Emmanuel Macron est un capitulard, mais il est malin. J’avais dit dans ces colonnes que l’abandon du projet NDDL était une catastrophe politique qui, au-delà de la réalisation même de ce projet, portait un coup très dur aux procédures administratives qui organisent, et régulent, l’aménagement du territoire.

Depuis maintenant près de 30 ans, tous les acteurs dont je fais partie avons patiemment mis en place un ensemble de règles qui permettaient de marier l’aménagement et la protection de l’environnement. Études préalables, dossiers de création, études d’impact, concertations, enquêtes publiques, processus de maîtrise foncière, rôle des collectivités locales, contractualisation des missions, cela prenait du temps mais une fois les décisions prises et validées, on pouvait envisager la réalisation d’équipements publics.

Après le petit projet local de la retenue collinaire d’irrigation de Sivens voulue par des agriculteurs locaux pour vivre et travailler au pays, voilà qu’un projet d’importance que tous les arbitrages démocratiques rendus avaient permis, vient lui aussi d’être abandonné en rase campagne (au propre comme au figuré). Pour complaire à une minorité bruyante et par refus de faire respecter l’autorité de l’État. J’ai enseigné pendant des années à l’université les droits de l’urbanisme et de l’environnement. Aujourd’hui, cet enseignement serait vraiment inutile, puisque ce sont les analphabètes juridiques-experts que l’on trouve sur la toile qui décident.

Gaspillage financier

Tant pis, surtout que je sais bien que les mêmes causes produisant les mêmes effets, l’agrandissement de « Nantes Atlantique » ne se fera jamais.

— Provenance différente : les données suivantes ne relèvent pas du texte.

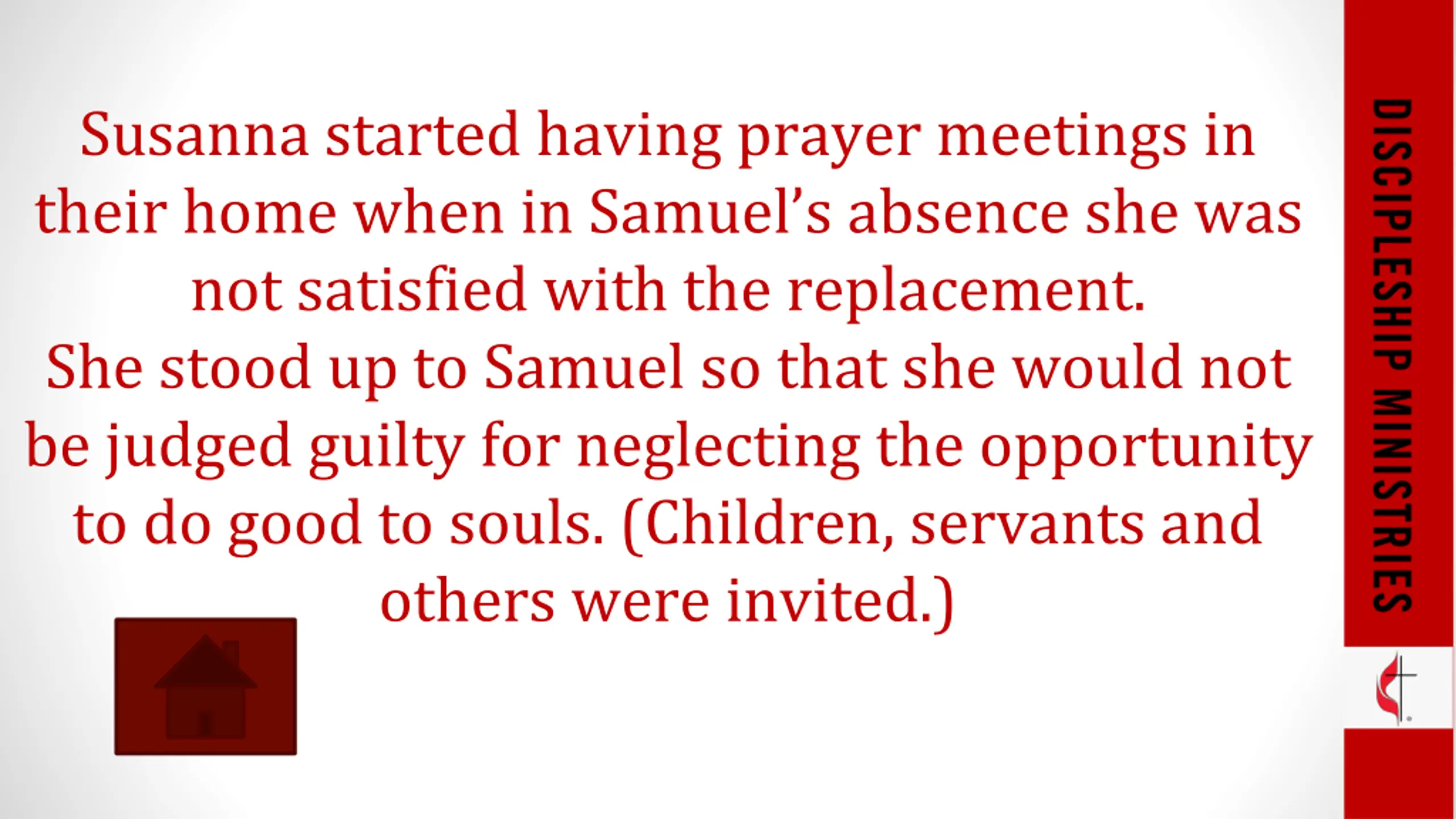 Susanna started having prayer meetings in their home when in Samuel s absence she was not satisfied with the replacement. She stood up to Samuel so that she would not be judged guilty for neglecting the opportunity to do good to souls. (Children, servants and others were invited.)

Et je dois dire que personnellement je m’en fous un peu, car cela n’aura aucune conséquence sur ma vie tous les jours. Et puis, déplorer la disparition de l’autorité de l’État, c’est céder à la nostalgie. Ce qui me chagrine un peu plus, c’est le gaspillage financier, déjà décrit dans ces colonnes.

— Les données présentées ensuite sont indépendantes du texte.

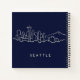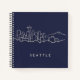 Ce dessin présente une esquisse dessinée à la main de l'horizon de Seattle sur un arrière - plan bleu foncé.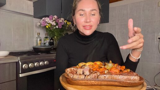 МУКБАНГ/СТЕЙК С ЗАПЕЧЕННЫМИ ОВОЩАМИ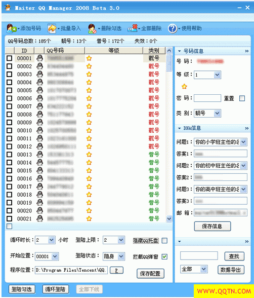 1、协助QQ号码网店店主或手里有大量QQ号码的用户管理QQ号码及相关信息(号码/密码/等级/DNA信息...);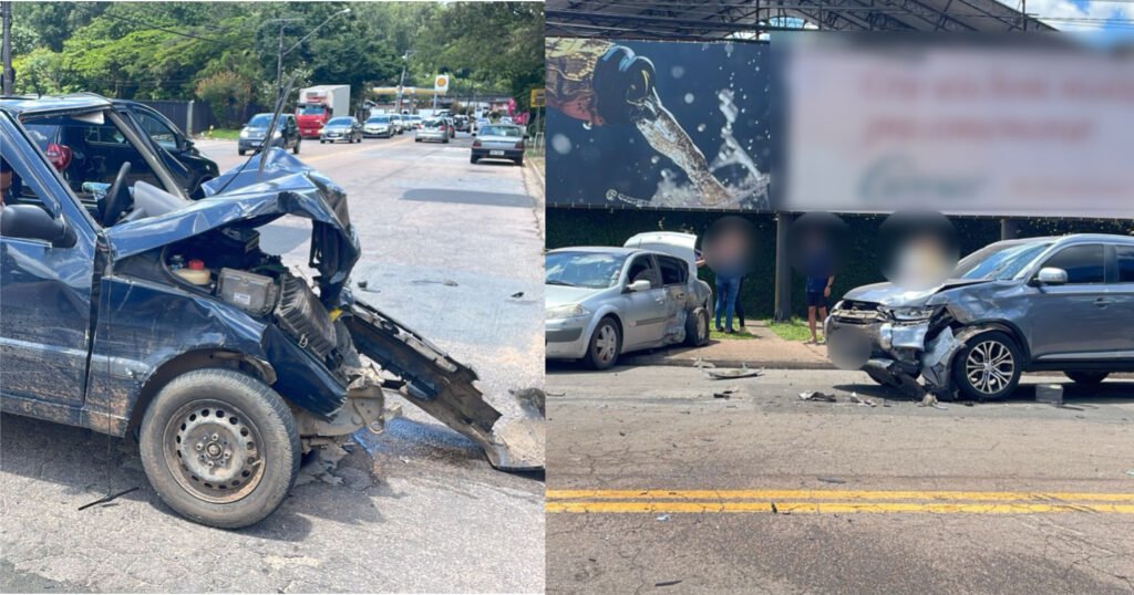 Na tarde desta quarta-feira (1º), ao menos três veículos se envolveram em um acidente de trânsito.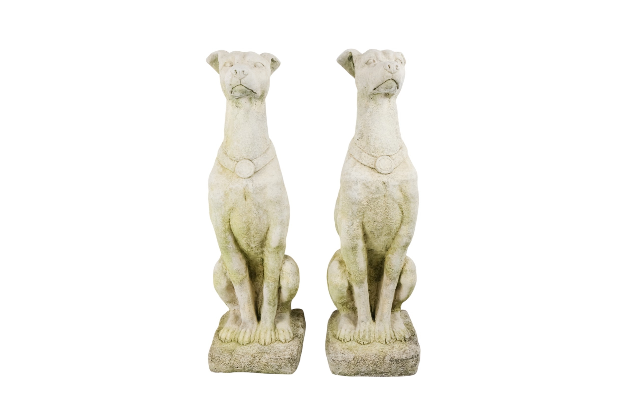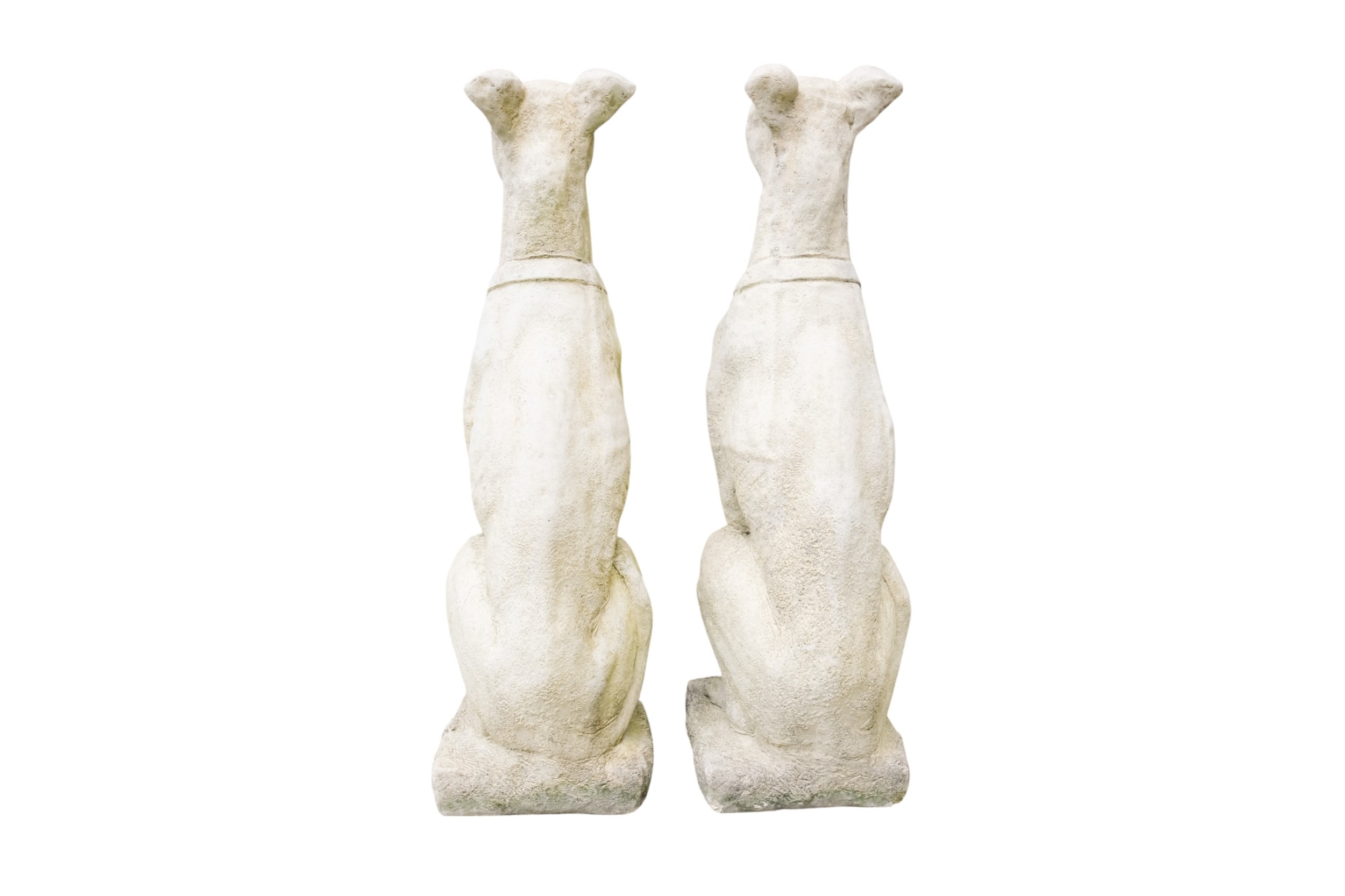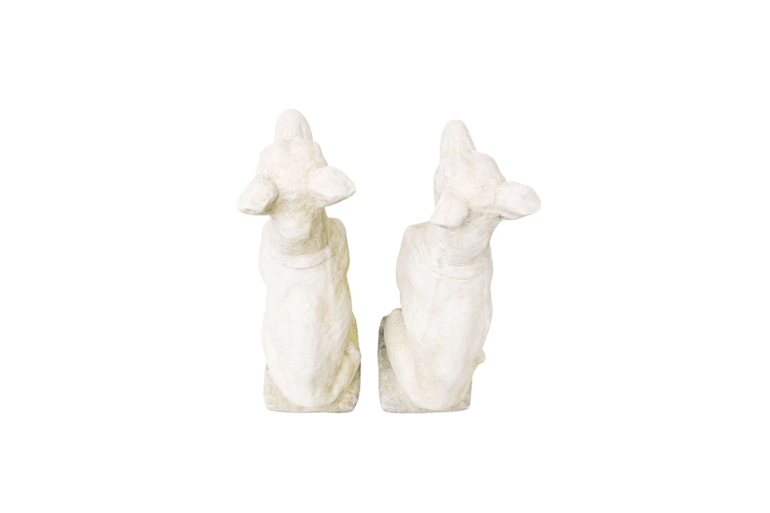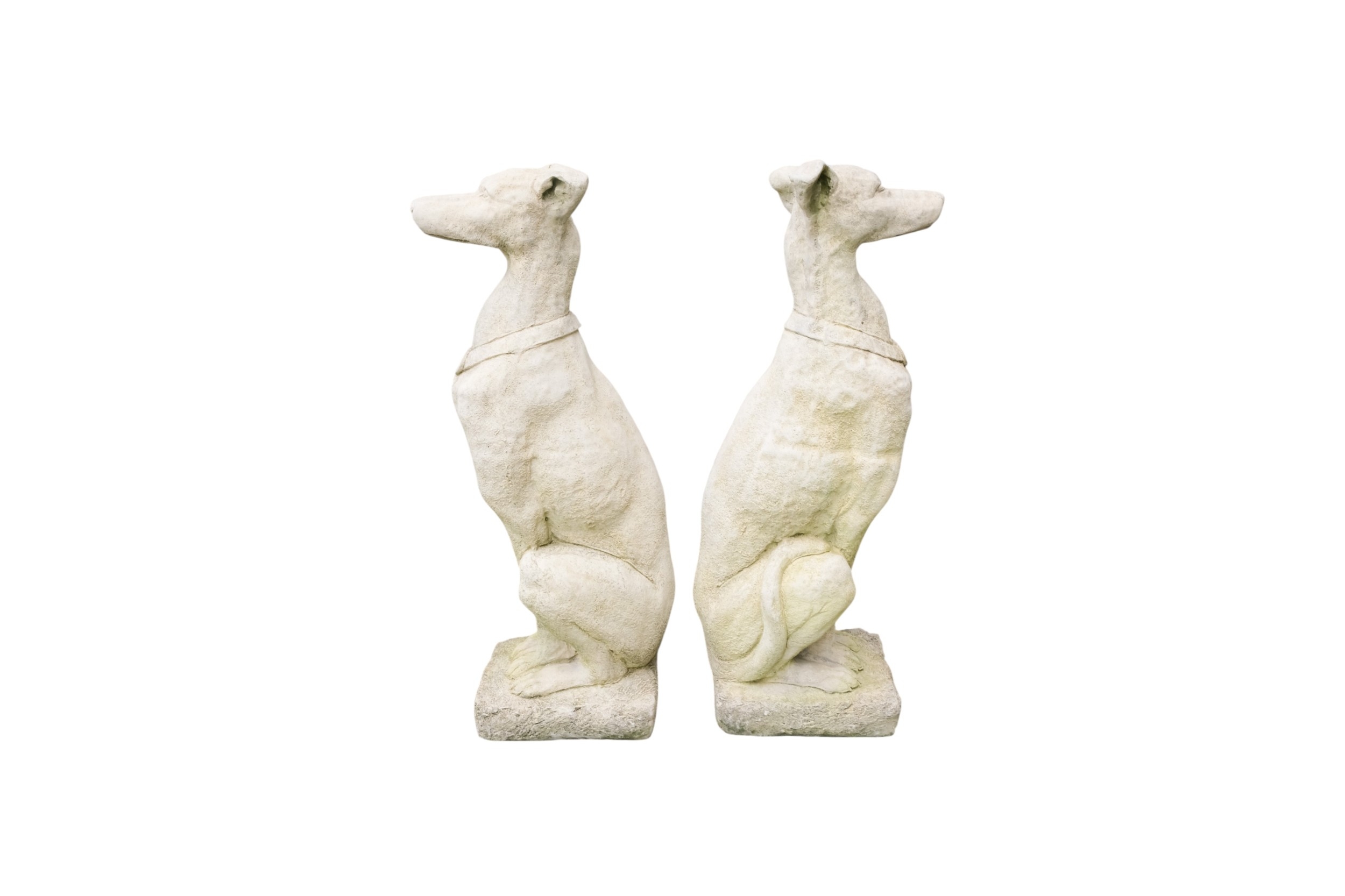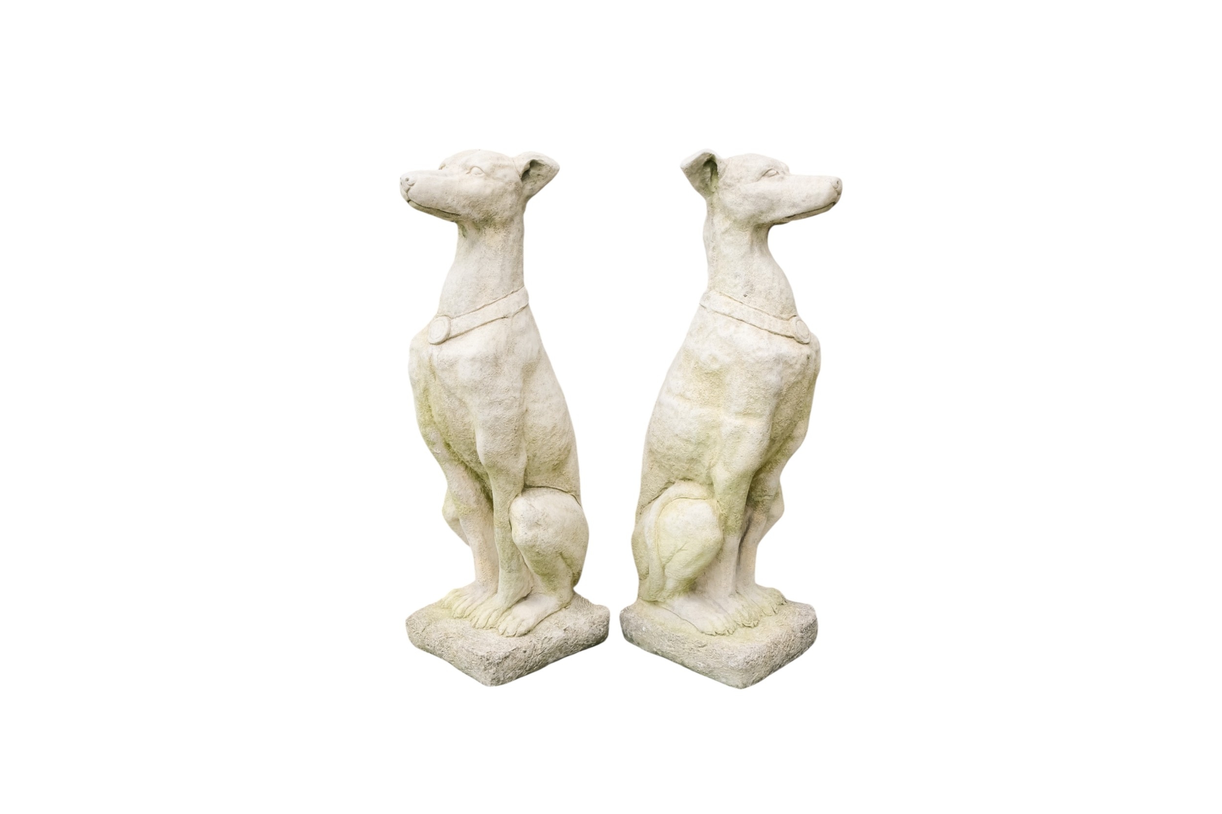 A pair of large reconstituted stone gate capitals - modelled as greyhounds, 76cm high. (2)

Comme malheureusement, tous les experts et opposants qui se réjouissent du viol de l’État de droit ne seront pas mis directement à contribution (alors que ce serait normal), je sais que mon porte-monnaie de contribuable va être sollicité. C’est très injuste, mais c’est comme ça.

Mais en fait, il est peut-être possible que non. J’avais décrit comment à l’aide d’une jolie acrobatie, le gouvernement avait payé un solde de 350 millions d’euros à la société autrichienne Écomouv après l’abandon du projet des portiques. Une amende forfaitaire de ce montant, négociée avec la banque HSBC en contrepartie de l’abandon de poursuites pour blanchiment de fraude fiscale avait prestement rejoint les poches d’Écomouv.

Eh bien, il semble que la méthode inspire les fonctionnaires de Bercy qui viennent de trouver la recette permettant d’éponger la dette de l’État vis-à-vis des entreprises contractuellement chargées de la réalisation de l’aéroport. Et par la même occasion, ils nous ont indiqué le montant de la facture.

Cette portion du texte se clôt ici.